22 . To the extent Plaintiff argues that seeking treatment elsewhere was not a choice, was not voluntary on her part, and was not based speculation about the security of her information, these arguments are disingenuous. Plaintiff essentially claims that she had no choice because she was not reassured that her information would be secure if she sought treatment for her daughter at Defendants’ facilities.

However, OmmceH's December 31, 2012 letter clearly indicates that "Omnicell is taking steps to improve its security program and practices in response to this incident. We have assured South Jersey Hospital that we have taken steps, including technology changes and re-education of our employees, to assure that no patient information is stored on unsecured electronic devices in the future.” (Ex. A to Pl.'s Am. Compl. [Doc. No. 12-1], 2.) Omnicell further provided Plaintiff with a number to call to obtain more information or to answer any questions Plaintiff might have had about the future security of her information. {Id..)

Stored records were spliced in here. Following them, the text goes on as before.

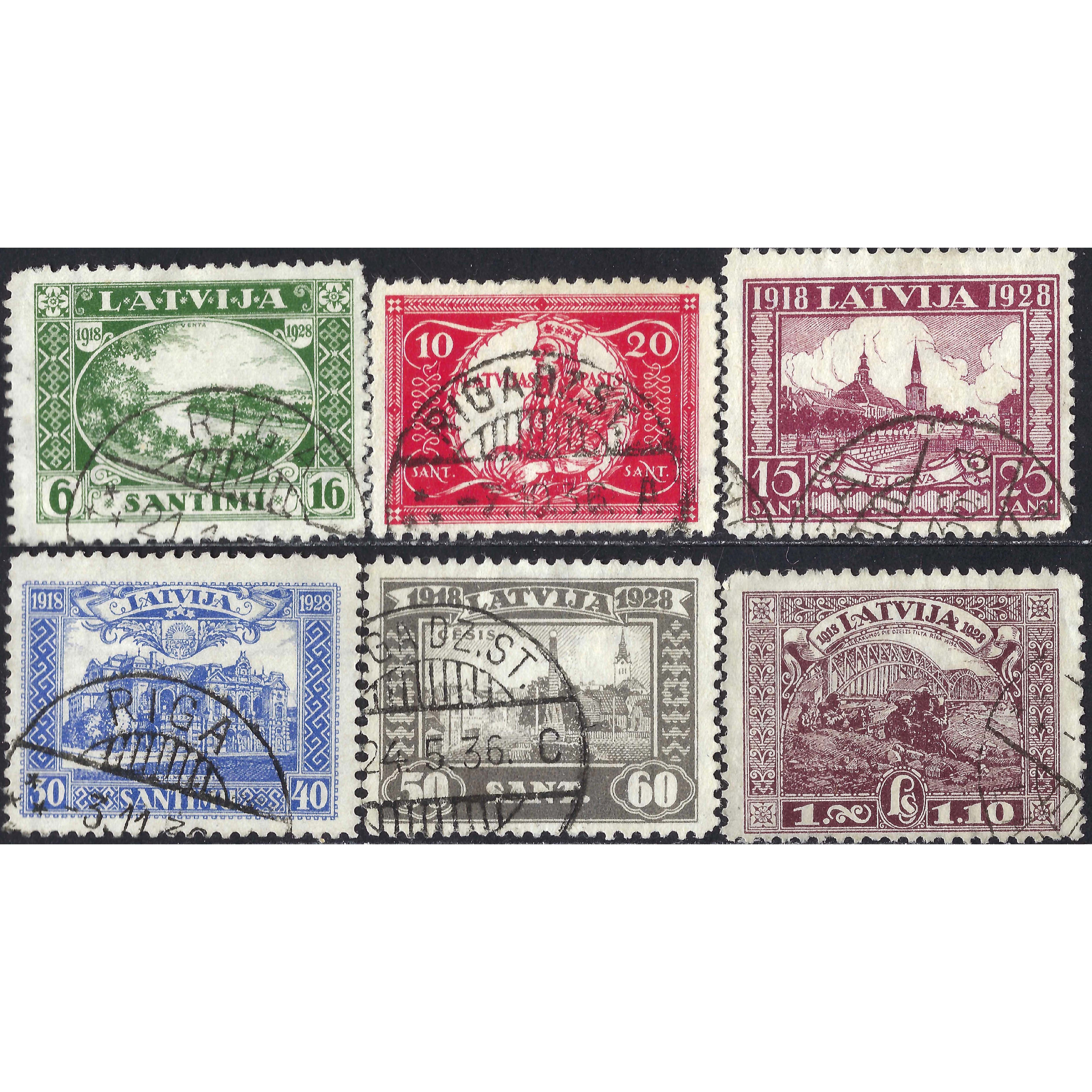 1928, Латвия, 6s-1L, Соловьев #145-#150, Литография, ВЗ, P11.5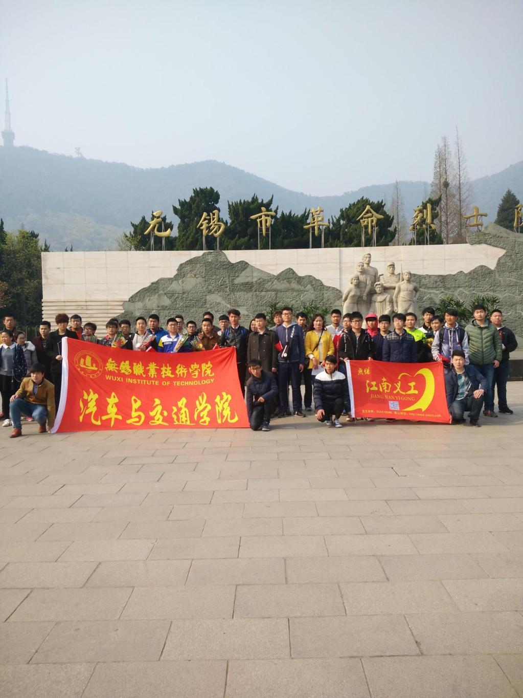 为了牢记历史,缅怀革命先烈,学习人民英雄的先进事迹,增强学生的使命感,做一个有为的社会主义青年,327日,由江南义工和无锡职业技术学院汽车与交通学院的同学们携手共同开展了以“缅怀先烈,做有为青年”为主题的无锡烈士陵园扫墓仪式活动。汽车与交通学院学生会主席刘焱,副主席韩运华,红十字会会长郭婧婷带领无锡职业技术学院汽车与交通学院的同学们参加了这次活动。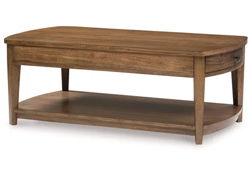 Serving up transitional style at its best, the striking Burkbyer coffee table looks equally at home in traditional and modern settings. Its classic brown finish merges effortlessly with a softly rounded top and tapered legs for a timeless contemporary vibe. A lower shelf beautifully accommodates baskets, magazines, plants and more, while two end drawers keep entertainment essentials close by.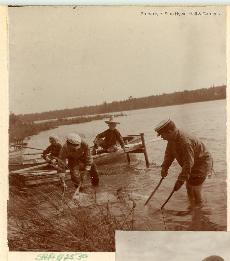 Black and white photographic print. F.A.Seiberling wearing what appears to be a long shirt, hanging down to mid-thigh, with no pants. He is holding two sticks attached to a net possibly catching bait for fishing. Another man with net doing same thing. Two young boys, likely Fred and Willard, sitting on a small dock watching. Rowboat on other side of dock. Lake in background. From a series of photos of the Seiberling's summer home in and around Hessel, Michigan.Photograph Details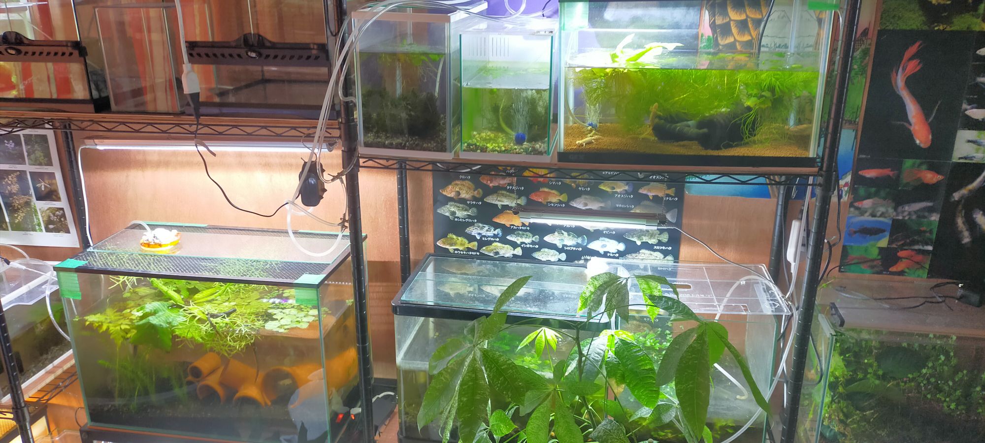 また、水槽が多いと「湿気と温度管理」も大変になります。

As Defendants point out, the Amended Complaint makes no allegations that Plaintiff sought any reassurance or clarification regarding these steps as instructed by the letter before seeking treatment for her daughter elsewhere. Thus, it not accurate for Plaintiff to argue that she had no choice and was not acting on the basis of her on speculated beliefs. Allegations that Plaintiff inquired further into the security of her information, learned that it was not secure, and acted as a result might not be considered speculative. Here, however, there are no such allegations in the Amended Complaint.

23 .This finding by the Court should not be interpreted as a comment on the reasonableness of Plaintiff's actions in seeking necessary medical treatment for her sick child. The reasonableness of her actions in that regard is not at issue here. What is at issue is whether those actions constitute the type of injury contemplated by Article III for purposes of standing. Based on the pronouncements of the Supreme Court in Clapper and the Third Circuit in Reilly, this Court concludes that it does not.

24 . Plaintiff attempts to rely on the New Jersey Consumer Fraud Act ("CFA”) to argue that Defendants' alleged HIPAA violations with respect to the “loss” of her information constitute an unconscionable commercial practice in violation of the CFA. Plaintiff cites no case law in support of that proposition, and the Court’s research reveals no case where any state or federal court in New Jersey interpreted the CFA to serve as a backdoor remedy for HIPAA violations.

25 . While Defendants seek the dismissal of Plaintiff's Amended Complaint with prejudice, the Court is dismissing for lack of standing under Rule 12(b)(1), and therefore the dismissal must be without prejudice since it is one for lack of subject matter jurisdiction. See New Jersey Physicians, Inc., 653 F.3d at 241 n. 8.